_Description of the task_: For this exercise, write out the full listing that follows exactly and skip its pictures.

Exercise data START

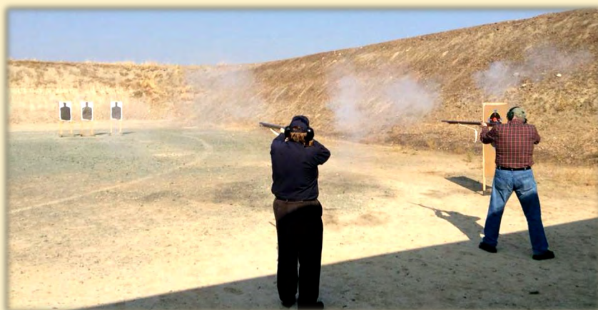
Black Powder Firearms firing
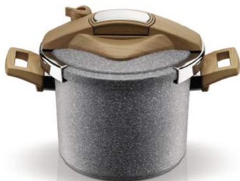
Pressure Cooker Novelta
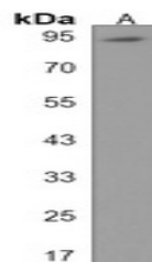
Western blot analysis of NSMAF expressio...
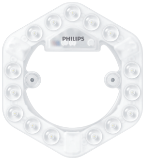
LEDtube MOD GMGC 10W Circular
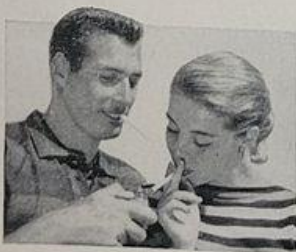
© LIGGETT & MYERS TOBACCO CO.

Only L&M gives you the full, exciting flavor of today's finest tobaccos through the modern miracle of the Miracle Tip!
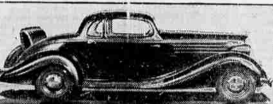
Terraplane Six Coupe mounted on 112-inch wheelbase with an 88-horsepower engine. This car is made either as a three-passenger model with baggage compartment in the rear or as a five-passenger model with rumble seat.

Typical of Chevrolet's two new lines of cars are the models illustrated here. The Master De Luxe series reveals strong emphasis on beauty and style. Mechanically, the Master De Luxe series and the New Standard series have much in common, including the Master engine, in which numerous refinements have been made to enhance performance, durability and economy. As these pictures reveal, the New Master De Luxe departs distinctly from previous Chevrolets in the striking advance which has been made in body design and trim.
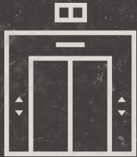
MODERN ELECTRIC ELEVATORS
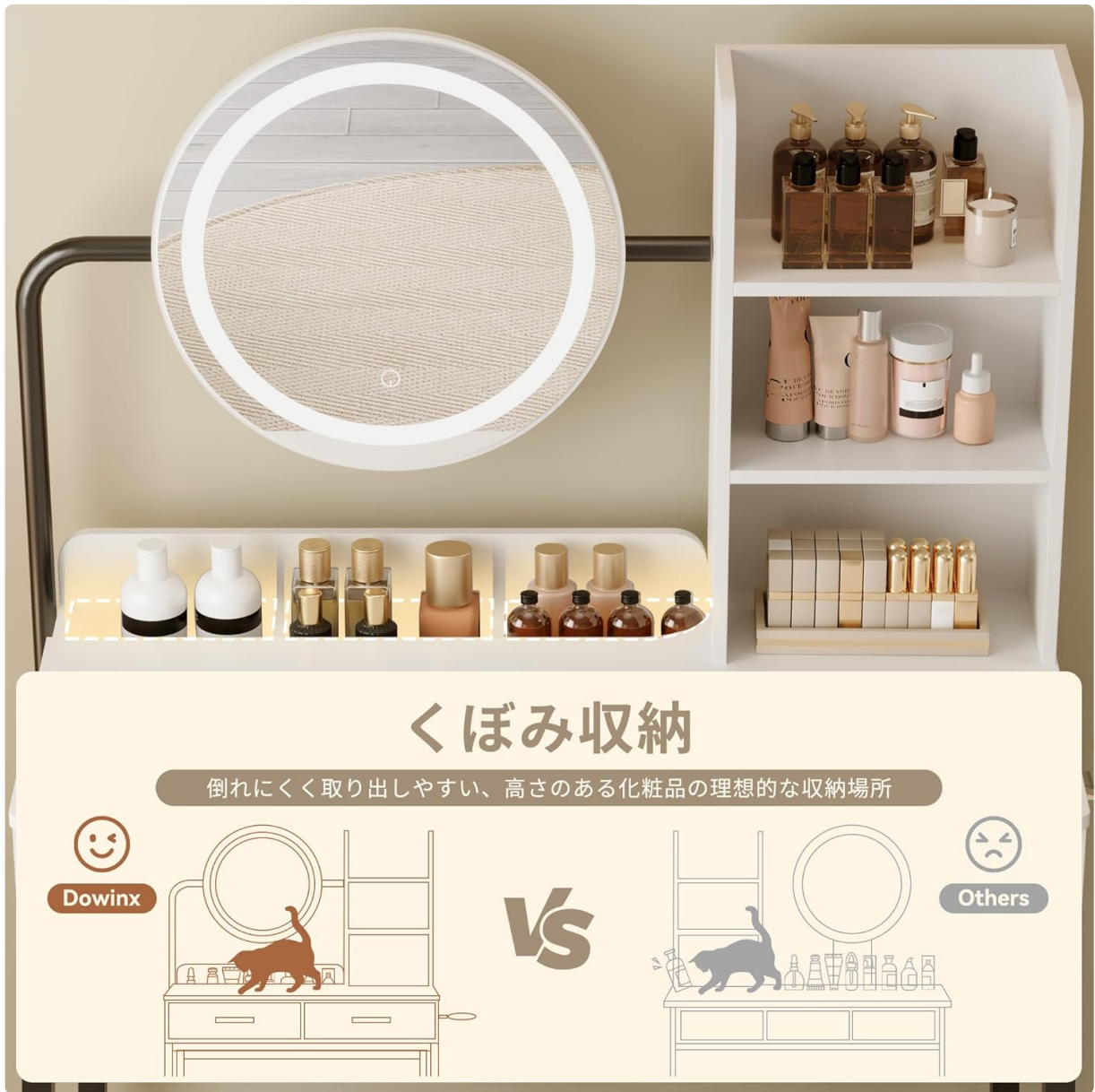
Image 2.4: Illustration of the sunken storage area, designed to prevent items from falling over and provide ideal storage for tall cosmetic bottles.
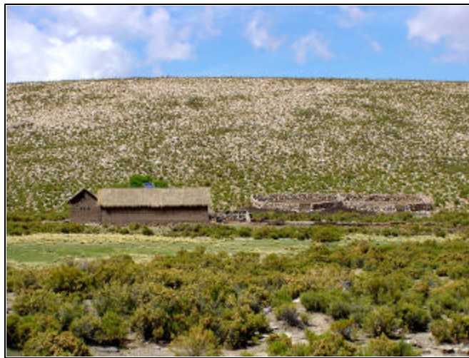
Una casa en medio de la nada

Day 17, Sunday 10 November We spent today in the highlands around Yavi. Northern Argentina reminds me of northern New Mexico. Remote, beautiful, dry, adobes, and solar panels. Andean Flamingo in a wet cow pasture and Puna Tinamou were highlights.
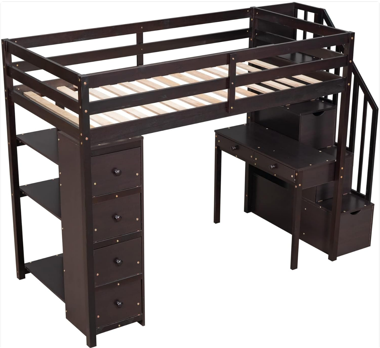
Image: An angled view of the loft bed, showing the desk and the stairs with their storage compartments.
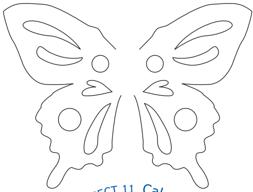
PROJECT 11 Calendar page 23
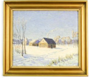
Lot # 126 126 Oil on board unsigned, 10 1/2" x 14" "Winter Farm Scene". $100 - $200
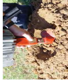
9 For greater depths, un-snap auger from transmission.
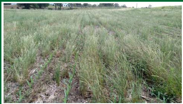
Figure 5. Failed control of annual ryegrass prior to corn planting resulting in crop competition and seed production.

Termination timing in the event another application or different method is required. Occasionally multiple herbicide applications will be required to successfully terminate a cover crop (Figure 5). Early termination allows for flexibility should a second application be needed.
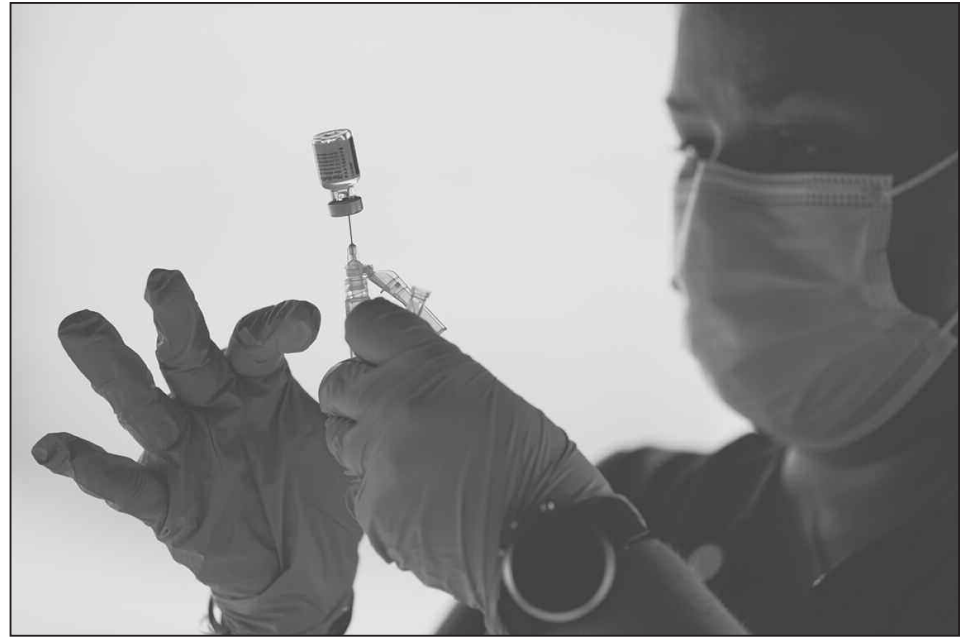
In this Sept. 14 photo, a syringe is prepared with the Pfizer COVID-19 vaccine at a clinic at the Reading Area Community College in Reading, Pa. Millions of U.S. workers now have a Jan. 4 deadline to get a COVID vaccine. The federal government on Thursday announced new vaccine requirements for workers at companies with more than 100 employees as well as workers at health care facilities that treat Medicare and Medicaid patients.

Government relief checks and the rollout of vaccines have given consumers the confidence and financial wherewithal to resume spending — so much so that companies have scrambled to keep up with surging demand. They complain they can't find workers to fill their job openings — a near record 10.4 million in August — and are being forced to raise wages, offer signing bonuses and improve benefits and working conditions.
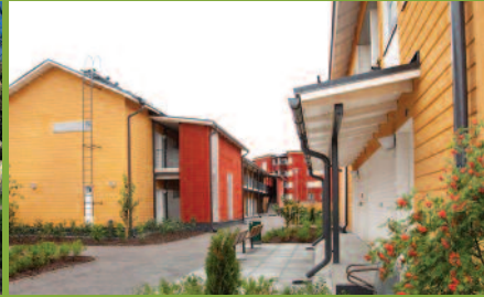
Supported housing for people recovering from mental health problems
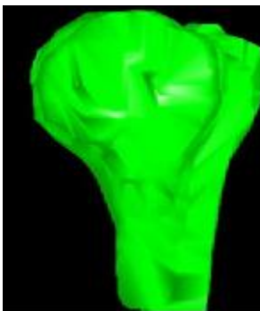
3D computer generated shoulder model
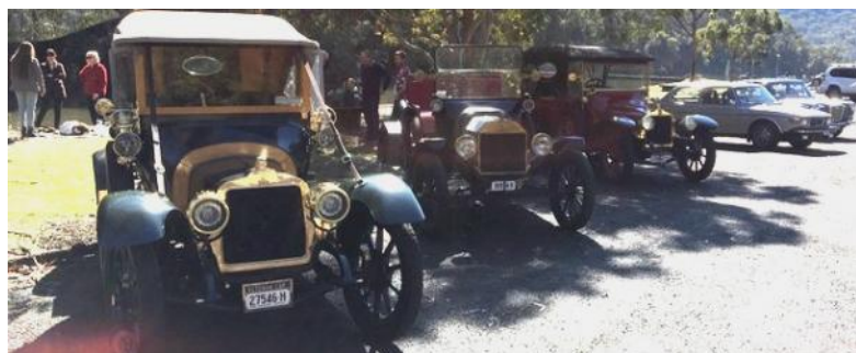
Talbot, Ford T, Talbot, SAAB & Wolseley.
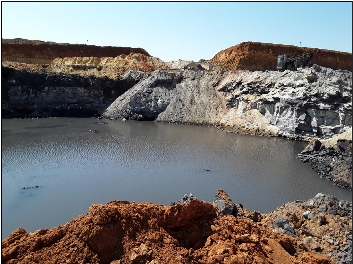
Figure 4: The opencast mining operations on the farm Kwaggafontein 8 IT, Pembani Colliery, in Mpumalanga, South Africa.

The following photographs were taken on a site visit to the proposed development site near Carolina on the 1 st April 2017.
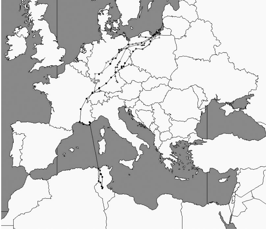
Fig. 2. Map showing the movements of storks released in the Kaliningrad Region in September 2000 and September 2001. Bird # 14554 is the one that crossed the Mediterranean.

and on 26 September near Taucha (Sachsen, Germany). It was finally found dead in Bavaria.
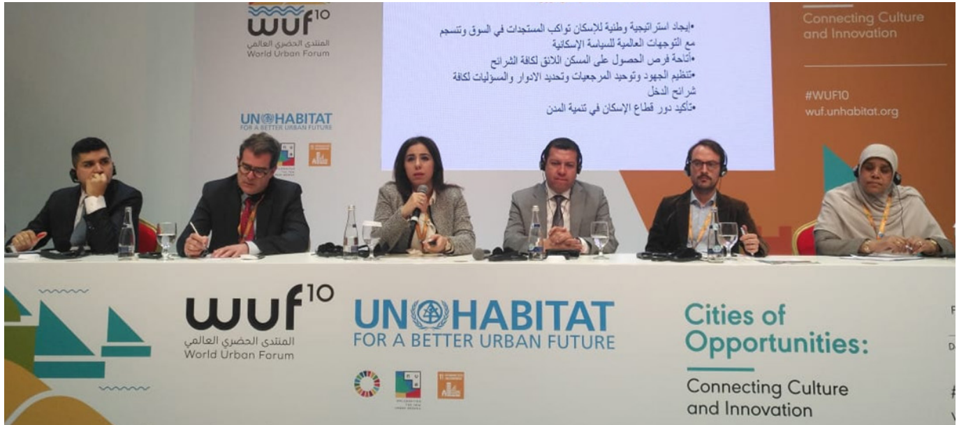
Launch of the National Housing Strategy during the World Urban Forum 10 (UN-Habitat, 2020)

Exercise data END

_Answer to the problem_:
Black Powder Firearms firing
Pressure Cooker Novelta
Western blot analysis of NSMAF expressio...
LEDtube MOD GMGC 10W Circular
© LIGGETT & MYERS TOBACCO CO.

Only L&M gives you the full, exciting flavor of today's finest tobaccos through the modern miracle of the Miracle Tip!
Terraplane Six Coupe mounted on 112-inch wheelbase with an 88-horsepower engine. This car is made either as a three-passenger model with baggage compartment in the rear or as a five-passenger model with rumble seat.

Typical of Chevrolet's two new lines of cars are the models illustrated here. The Master De Luxe series reveals strong emphasis on beauty and style. Mechanically, the Master De Luxe series and the New Standard series have much in common, including the Master engine, in which numerous refinements have been made to enhance performance, durability and economy. As these pictures reveal, the New Master De Luxe departs distinctly from previous Chevrolets in the striking advance which has been made in body design and trim.
MODERN ELECTRIC ELEVATORS
Image 2.4: Illustration of the sunken storage area, designed to prevent items from falling over and provide ideal storage for tall cosmetic bottles.
Una casa en medio de la nada

Day 17, Sunday 10 November We spent today in the highlands around Yavi. Northern Argentina reminds me of northern New Mexico. Remote, beautiful, dry, adobes, and solar panels. Andean Flamingo in a wet cow pasture and Puna Tinamou were highlights.
Image: An angled view of the loft bed, showing the desk and the stairs with their storage compartments.
PROJECT 11 Calendar page 23
Lot # 126 126 Oil on board unsigned, 10 1/2" x 14" "Winter Farm Scene". $100 - $200
9 For greater depths, un-snap auger from transmission.
Figure 5. Failed control of annual ryegrass prior to corn planting resulting in crop competition and seed production.

Termination timing in the event another application or different method is required. Occasionally multiple herbicide applications will be required to successfully terminate a cover crop (Figure 5). Early termination allows for flexibility should a second application be needed.
In this Sept. 14 photo, a syringe is prepared with the Pfizer COVID-19 vaccine at a clinic at the Reading Area Community College in Reading, Pa. Millions of U.S. workers now have a Jan. 4 deadline to get a COVID vaccine. The federal government on Thursday announced new vaccine requirements for workers at companies with more than 100 employees as well as workers at health care facilities that treat Medicare and Medicaid patients.

Government relief checks and the rollout of vaccines have given consumers the confidence and financial wherewithal to resume spending — so much so that companies have scrambled to keep up with surging demand. They complain they can't find workers to fill their job openings — a near record 10.4 million in August — and are being forced to raise wages, offer signing bonuses and improve benefits and working conditions.
Supported housing for people recovering from mental health problems
3D computer generated shoulder model
Talbot, Ford T, Talbot, SAAB & Wolseley.
Figure 4: The opencast mining operations on the farm Kwaggafontein 8 IT, Pembani Colliery, in Mpumalanga, South Africa.

The following photographs were taken on a site visit to the proposed development site near Carolina on the 1 st April 2017.
Fig. 2. Map showing the movements of storks released in the Kaliningrad Region in September 2000 and September 2001. Bird # 14554 is the one that crossed the Mediterranean.

and on 26 September near Taucha (Sachsen, Germany). It was finally found dead in Bavaria.
Launch of the National Housing Strategy during the World Urban Forum 10 (UN-Habitat, 2020)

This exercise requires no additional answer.